The algorithm uses a generalized trust region to keep each step under control. In order to be accepted a proposed new position x' must satisfy the condition |D (x' - x)| < \delta, where D is a diagonal scaling matrix and \delta is the size of the trust region. The components of D are computed internally, using the column norms of the Jacobian to estimate the sensitivity of the residual to each component of x. This improves the behavior of the algorithm for badly scaled functions.
On each iteration the algorithm attempts to minimize the linear system |F + J p| subject to the constraint |D p| < \Delta. The solution to this constrained linear system is found using the Levenberg-Marquardt method.
The proposed step is now tested by evaluating the function at the resulting point, x'. If the step reduces the norm of the function sufficiently, and follows the predicted behavior of the function within the trust region, then it is accepted and the size of the trust region is increased. If the proposed step fails to improve the solution, or differs significantly from the expected behavior within the trust region, then the size of the trust region is decreased and another trial step is computed.
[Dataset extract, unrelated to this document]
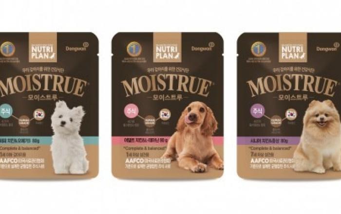 동원F&B의 펫푸드 브랜드 뉴트리플랜이 AAFCO의 기준으로 설계한 반려견용 주식 습식사료 ‘뉴트리플랜 모이스트루 주식’ 3종(퍼피, 어덜트, 시니어)을 출시하고 반려견 습식시장에 진출했다.▲ 반려견용 주식 습식사료 뉴트리플랜 모이스트루 주식 3종을 출시AAFC

The algorithm also monitors the progress of the solution and returns an error if the changes in the solution are smaller than the machine precision. The possible error codes are,
GSL_ETOLF
- the decrease in the function falls below machine precision
GSL_ETOLX
- the change in the position vector falls below machine precision
GSL_ETOLG
- the norm of the gradient, relative to the norm of the function, falls below machine precision
These error codes indicate that further iterations will be unlikely to change the solution from its current value.
This is an unscaled version of the lmder algorithm. The elements of the diagonal scaling matrix D are set to 1. This algorithm may be useful in circumstances where the scaled version of lmder converges too slowly, or the function is already scaled appropriately.